El-Watan avec AFP - 9.01.2012
Le recours à la violence en 2011 pour réprimer la contestation dans les pays arabes risque de rester de mise en 2012, certains régimes étant déterminés à rester au pouvoir coûte que coûte, a prévenu Amnesty international dans un rapport publié lundi.
"Les mouvements de protestation dans la région, menés dans de nombreux cas par des jeunes, les femmes y tenant un rôle central, ont montré une résistance étonnante face à une répression parfois stupéfiante", a indiqué Philip Luther, directeur par intérim d'Amnesty pour le Moyen-Orient et l'Afrique du Nord.
"Mais la persistance de certains États à vouloir tenter d'offrir des changements cosmétiques (...) ou de tout simplement brutaliser leur population pour la soumettre prouve que pour beaucoup de gouvernements, la survie du régime reste leur objectif", a-t-il ajouté.
Les révoltes qui ont éclaté en 2011 dans le monde arabe après le suicide d'un jeune vendeur de légumes tunisien ont conduit à la chute du président tunisien Zine el-Abidine Ben Ali, égyptien Hosni Moubarak et libyen Mouammar Kadhafi.
La vague de contestation a également touché la Syrie, en proie à une révolte contre le régime de Bachar al-Assad depuis mars, et a conduit au départ prochain du président yéménite Ali Abdallah Saleh.
Mais dans son rapport de 80 pages, Amnesty dénonce aussi les violations des droits de l'Homme commises en Égypte par le pouvoir militaire en place pour assurer l'intérim depuis le départ de M. Moubarak, estimant qu'elles sont pires par certains aspects que sous le régime de l'ex-président et mettant en garde contre des restrictions à la liberté d'expression. "L'armée et les forces de sécurité ont réprimé violemment des manifestations, faisant au moins 84 morts entre octobre et décembre 2011. La torture en détention s'est poursuivie, et le nombre de civils traduits devant la justice militaire a été plus élevé en un an qu'en 30 ans de régime Moubarak", affirme Amnesty.
Le rapport critique également les autorités par intérim en Libye pour le manque de contrôle exercé sur les brigades armées qui ont participé à la chute de Kadhafi ou pour l'absence de procès de quelque 7.000 personnes détenues dans des centres de fortune tenus par des brigades.

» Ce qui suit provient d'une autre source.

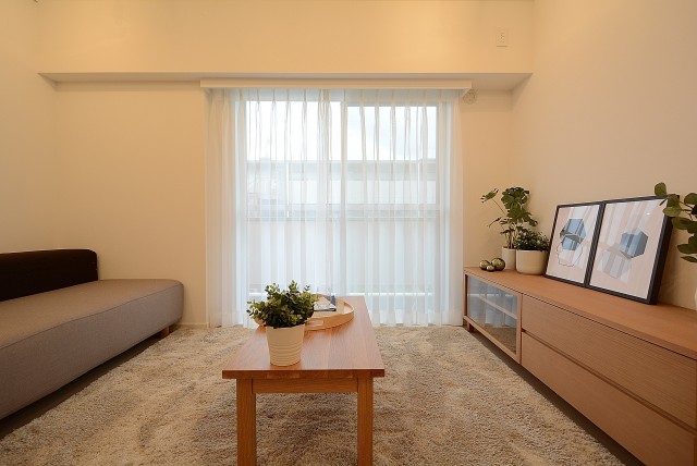 南東向きのバルコニーに面した窓からは明るい光が入ってきています。

L'organisation basée à Londres a par ailleurs souligné l'attitude d'autres gouvernements de la région, nomment en Syrie, qui restent "fermement déterminés" à s'accrocher au pouvoir, "parfois quel qu'en soit le prix en vies humaines et en dignité".

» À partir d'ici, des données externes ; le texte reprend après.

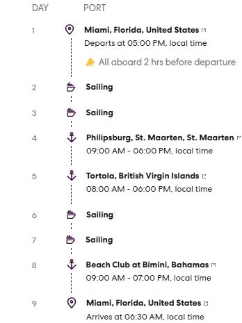 Embark on an unforgettable 8-night voyage from Miami aboard Brilliant Lady’s MerMaiden sailing. Explore the stunning Caribbean with stops in St. Maarten, where vibrant culture meets crystal-clear waters, and Tortola, home to lush landscapes and legendary rum distilleries. After soaking up the sun at sea, indulge in the exclusive Beach Club at Bimini before returning to Miami—because this isn’t just a cruise, it’s an experience.

Amnesty a accusé l'armée et les services de renseignement syriens de commettre "des meurtres et des tortures s'apparentant à des crimes contre l'humanité, dans une vaine tentative de terrifier les protestataires et opposants (pour les réduire) au silence et à la soumission".

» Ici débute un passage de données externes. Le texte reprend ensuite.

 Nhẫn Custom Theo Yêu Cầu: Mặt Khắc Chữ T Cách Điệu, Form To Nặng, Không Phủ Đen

Selon l'organisation, à la fin 2011, il a été fait état de plus de 200 cas de personnes mortes en garde à vue, un chiffre 40 fois supérieur à la moyenne annuelle des dernières années dans ce pays.
Mais pour Philip Luther, "ce qui a été frappant (dans le Proche-Orient) l'année dernière c'est que --hormis quelques exceptions-- les changements ont eu lieu largement grâce aux efforts des habitants de ces pays qui sont descendus dans la rue".
"Le refus de gens ordinaires d'être privés de leur lutte pour la dignité et la justice est le point qui donne de l'espoir pour 2012", a-t-il ajouté.